▶ Required work: Take the lines from the one with "周二,英镑/日元下跌0.11%至205.41附近。" through the last line of the material below and write them out exactly, without any pictures.

▶ Task input:
________________________
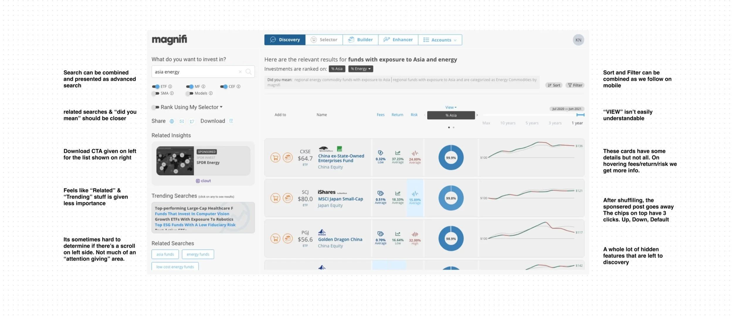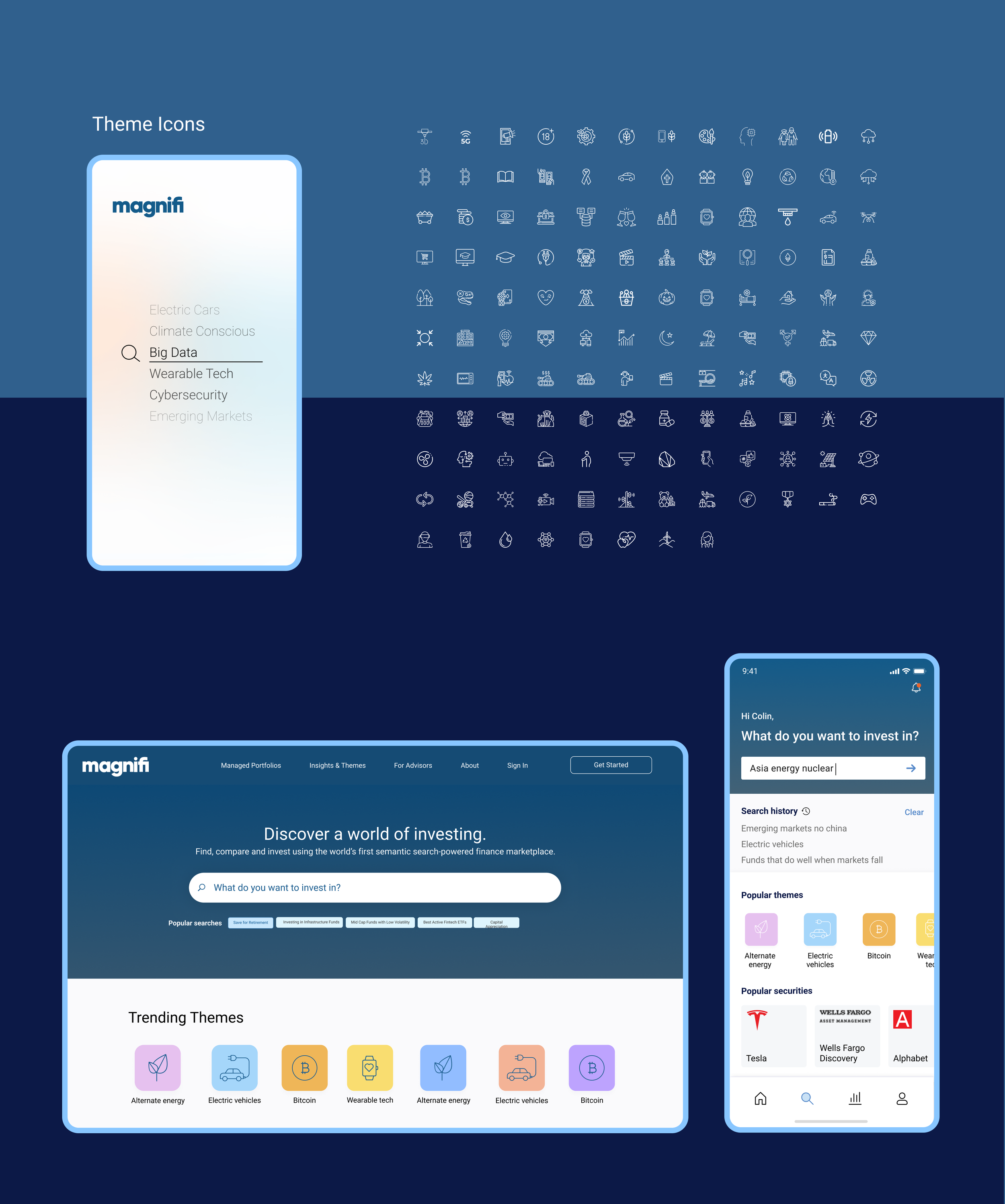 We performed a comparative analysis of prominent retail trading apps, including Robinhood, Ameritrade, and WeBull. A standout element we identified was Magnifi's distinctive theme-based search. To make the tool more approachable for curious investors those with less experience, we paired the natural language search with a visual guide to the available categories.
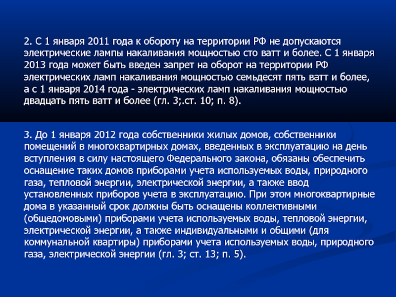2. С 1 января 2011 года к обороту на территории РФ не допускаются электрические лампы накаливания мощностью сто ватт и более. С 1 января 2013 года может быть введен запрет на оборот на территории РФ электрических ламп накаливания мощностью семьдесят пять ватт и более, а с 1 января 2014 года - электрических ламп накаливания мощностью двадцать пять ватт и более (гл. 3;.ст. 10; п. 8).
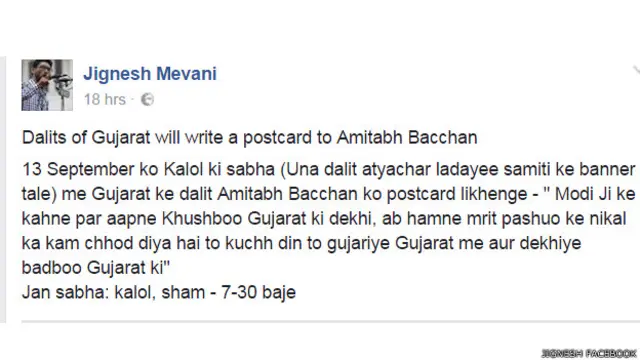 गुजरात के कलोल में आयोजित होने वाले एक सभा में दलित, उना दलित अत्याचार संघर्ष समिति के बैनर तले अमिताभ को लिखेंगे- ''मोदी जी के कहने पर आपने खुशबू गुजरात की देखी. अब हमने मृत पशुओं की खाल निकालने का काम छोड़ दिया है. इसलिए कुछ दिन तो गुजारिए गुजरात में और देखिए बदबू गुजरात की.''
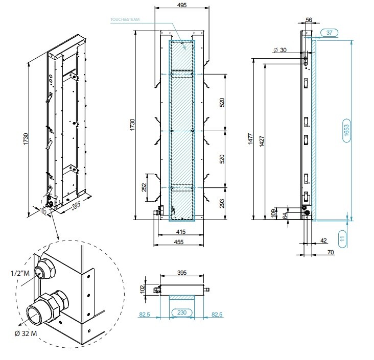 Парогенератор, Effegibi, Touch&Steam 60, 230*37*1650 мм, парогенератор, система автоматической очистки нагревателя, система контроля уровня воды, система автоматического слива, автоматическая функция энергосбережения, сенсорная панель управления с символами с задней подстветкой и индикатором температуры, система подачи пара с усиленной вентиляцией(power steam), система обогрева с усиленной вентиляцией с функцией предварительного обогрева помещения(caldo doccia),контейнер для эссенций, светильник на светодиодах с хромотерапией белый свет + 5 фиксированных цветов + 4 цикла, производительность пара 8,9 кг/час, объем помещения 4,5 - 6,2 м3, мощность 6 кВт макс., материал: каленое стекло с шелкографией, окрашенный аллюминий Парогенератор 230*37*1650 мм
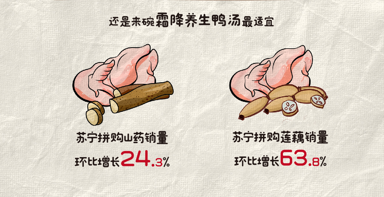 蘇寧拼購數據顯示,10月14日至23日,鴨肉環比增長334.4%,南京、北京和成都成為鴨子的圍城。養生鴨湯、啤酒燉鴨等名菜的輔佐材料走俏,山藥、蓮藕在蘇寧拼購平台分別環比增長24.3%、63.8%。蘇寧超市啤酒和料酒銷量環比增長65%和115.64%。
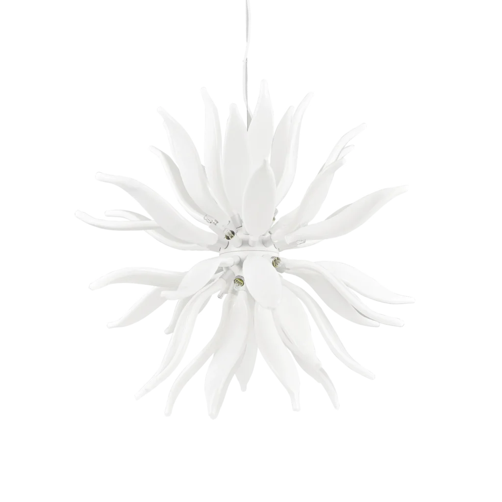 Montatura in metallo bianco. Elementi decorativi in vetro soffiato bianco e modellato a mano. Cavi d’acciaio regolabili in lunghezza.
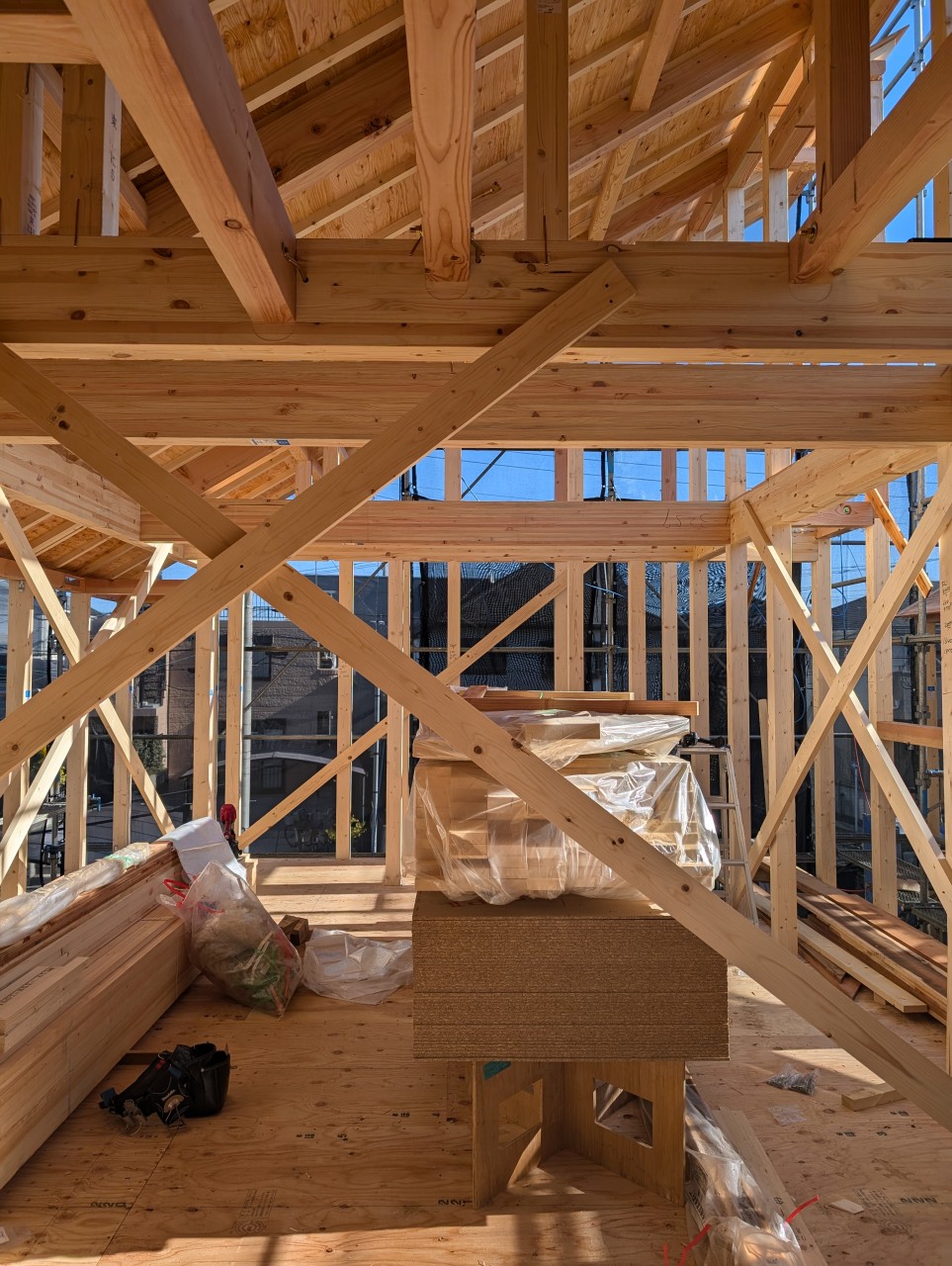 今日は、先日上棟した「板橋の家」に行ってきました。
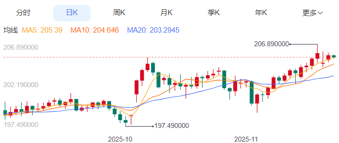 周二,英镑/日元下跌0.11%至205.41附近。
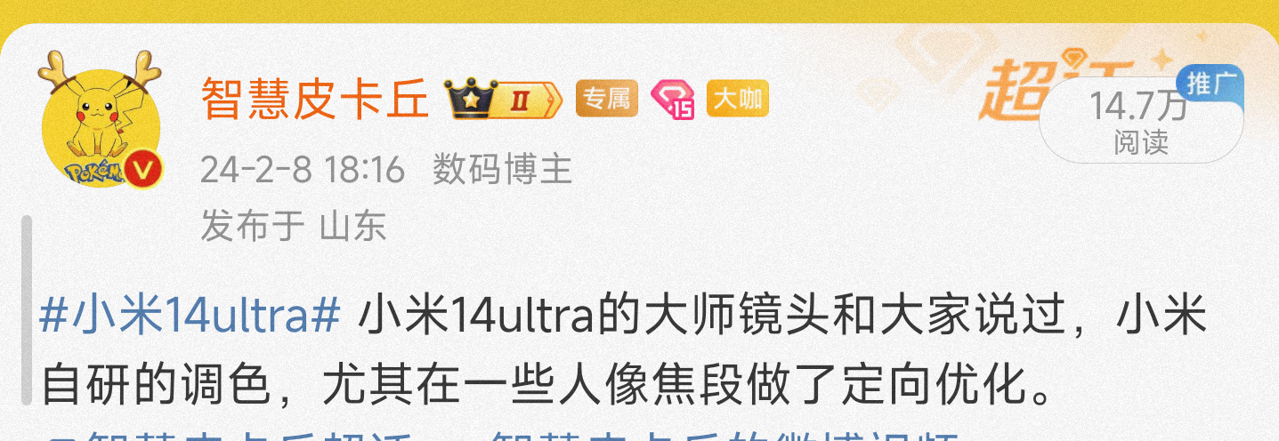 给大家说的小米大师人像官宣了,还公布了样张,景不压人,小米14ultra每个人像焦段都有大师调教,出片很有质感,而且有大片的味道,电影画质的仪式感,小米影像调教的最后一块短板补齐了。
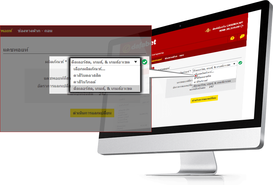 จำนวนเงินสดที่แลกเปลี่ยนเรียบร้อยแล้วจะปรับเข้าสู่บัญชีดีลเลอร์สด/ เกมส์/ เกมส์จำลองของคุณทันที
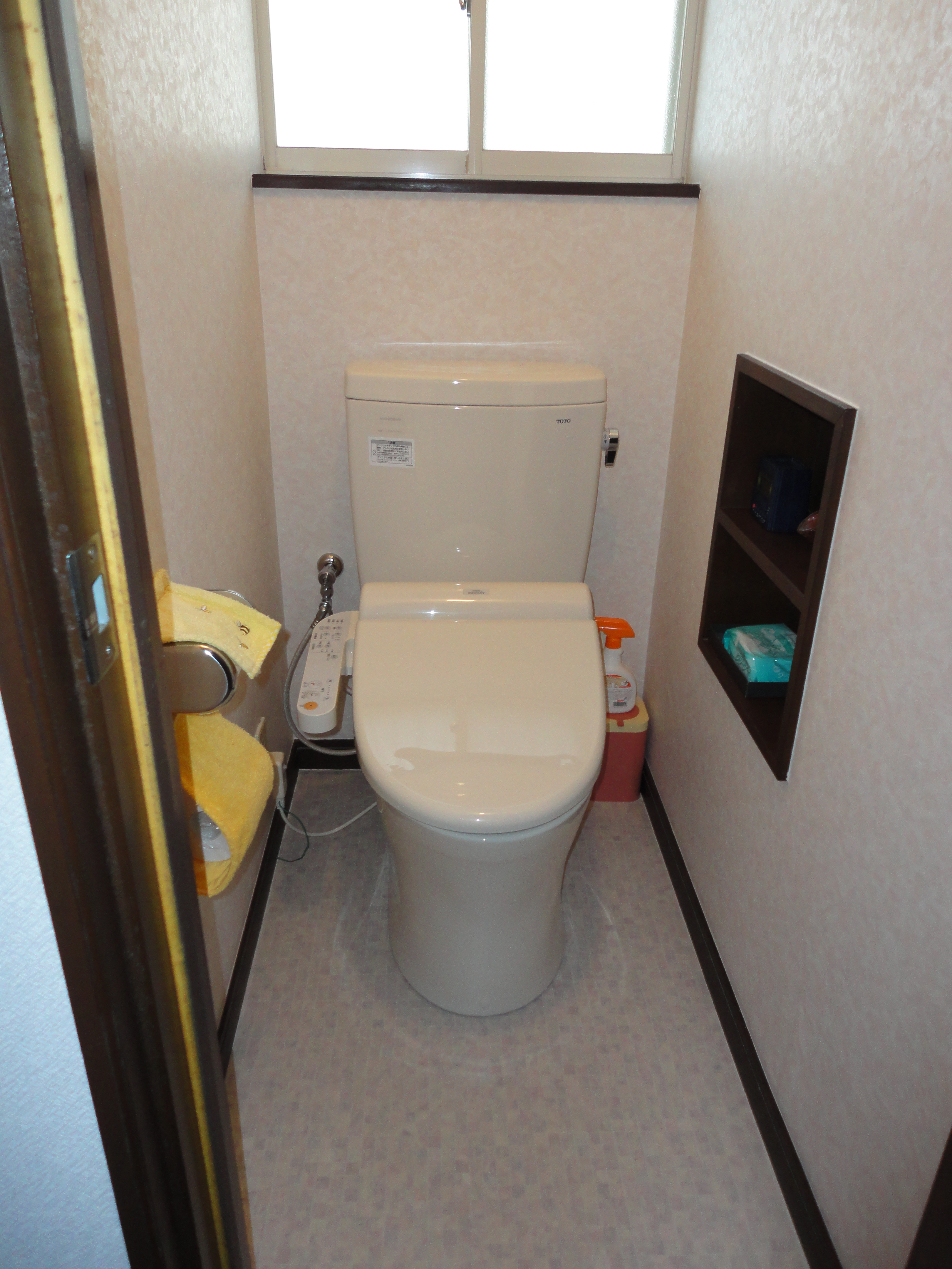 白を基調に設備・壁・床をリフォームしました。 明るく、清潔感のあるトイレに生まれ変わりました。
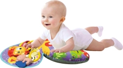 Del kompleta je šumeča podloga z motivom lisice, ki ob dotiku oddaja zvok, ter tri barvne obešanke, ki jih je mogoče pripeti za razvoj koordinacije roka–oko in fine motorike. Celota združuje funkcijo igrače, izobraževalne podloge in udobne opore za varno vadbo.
________________________
▶ Task output:
 周二,英镑/日元下跌0.11%至205.41附近。
 给大家说的小米大师人像官宣了,还公布了样张,景不压人,小米14ultra每个人像焦段都有大师调教,出片很有质感,而且有大片的味道,电影画质的仪式感,小米影像调教的最后一块短板补齐了。
 จำนวนเงินสดที่แลกเปลี่ยนเรียบร้อยแล้วจะปรับเข้าสู่บัญชีดีลเลอร์สด/ เกมส์/ เกมส์จำลองของคุณทันที
 白を基調に設備・壁・床をリフォームしました。 明るく、清潔感のあるトイレに生まれ変わりました。
 Del kompleta je šumeča podloga z motivom lisice, ki ob dotiku oddaja zvok, ter tri barvne obešanke, ki jih je mogoče pripeti za razvoj koordinacije roka–oko in fine motorike. Celota združuje funkcijo igrače, izobraževalne podloge in udobne opore za varno vadbo.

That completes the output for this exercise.